BMW is not standing still, though. The company has invested heavily in electrification, aiming to have 25 electric models by 2025. BMW also has a strong presence in China, the largest car market in the world, where it sold over 800,000 cars in 2023. BMW also has a loyal customer base and a strong brand image that could help it retain its market share.

The competition between BMW and Tesla is likely to intensify in 2024 and beyond, as both companies strive to innovate and dominate the global car market.

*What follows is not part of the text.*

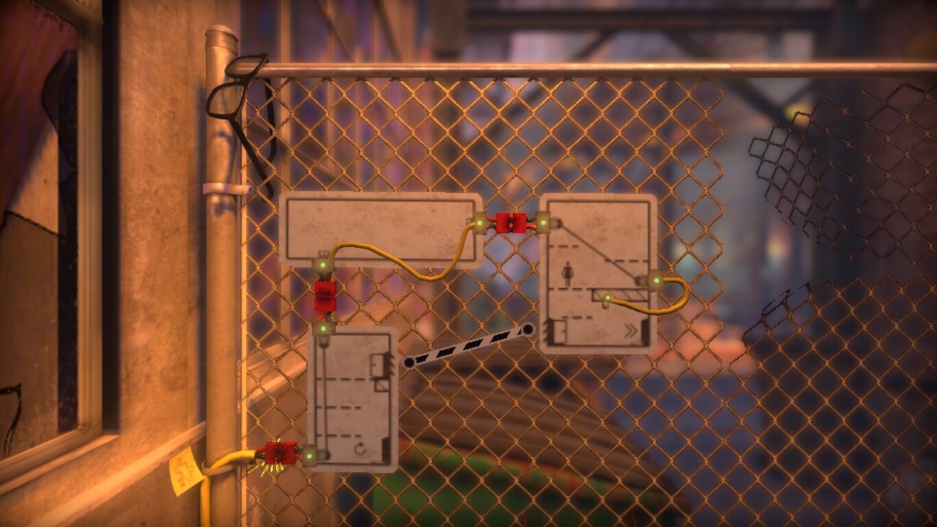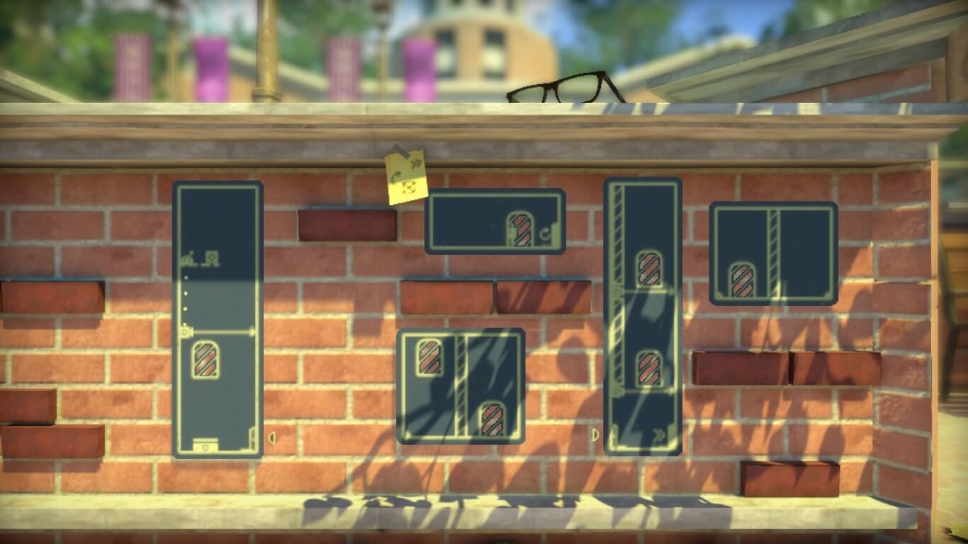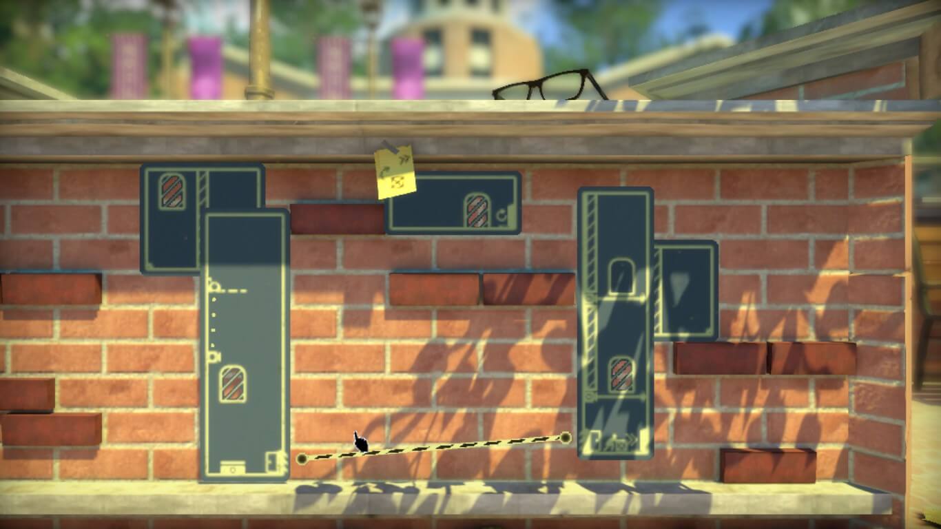 En cuanto al apartado gráfico, es interesante cómo está trabajado. El título no se define estrictamente por una ambientación en 2D ni en 3D, sino que mantiene el juego entre ambas. A medida que avancemos, la cámara se moverá con nosotros, permitiéndonos adentrarnos en la profundidad de los escenarios, sean galpones, edificios y ascensores. Hasta también acompañaremos a nuestro querido monigote en un viaje en subte, desde la cabina de control, para llegar a la próxima locación. Para resolver los puzzles en ocasiones deberemos relacionar distintos carteles entre sí. En estos casos, utilizando la vista tridimensional, dando un paso para atrás para ver el panorama completo y así poder establecer las relaciones que creamos correctas, entre las señales. Posteriormente nos volveremos a acercar, y lógicamente al ser una silueta, nos desplazaremos entre los carteles, desde su propio 2.5D, y así seguir nuestro camino.

The outcome will depend on many factors, such as consumer preferences, regulations, supply chains and economic conditions. However, one thing is certain: the future of mobility is electric.

One of the biggest challenges for BMW is the transition to electric vehicles (EVs). BMW has been a pioneer in developing hybrid and plug-in hybrid models, but it has lagged behind some of its competitors in launching fully electric cars. According to Statista, BMW had only 4.9% of the global EV market share in 2020, compared to 18% for Tesla and 16.8% for Volkswagen Group.

BMW has announced that it aims to have 25 electrified models by 2023, of which more than half will be fully electric. However, this will require significant investments in research and development, production capacity, charging infrastructure, and marketing.

BMW has to contend with not only traditional rivals such as Mercedes-Benz and Audi, but also with newcomers such as Tesla, Lucid Motors, and Nio, who are challenging BMW’s leadership in innovation, design, and performance. Moreover, BMW has to adapt to the changing preferences and demands of customers in different regions, especially in China, which is now BMW’s largest market. BMW has to balance its global brand identity with local customization and differentiation.

BMW is well aware of these challenges and has devised strategies to address them. BMW is investing heavily in electrification, digitalization, and sustainability, as well as expanding its portfolio of products and services. BMW is also strengthening its partnerships with suppliers, dealers, and customers, as well as collaborating with other companies and institutions on various projects. BMW is confident that it can overcome the difficulties and maintain its position as a premium car maker in the future.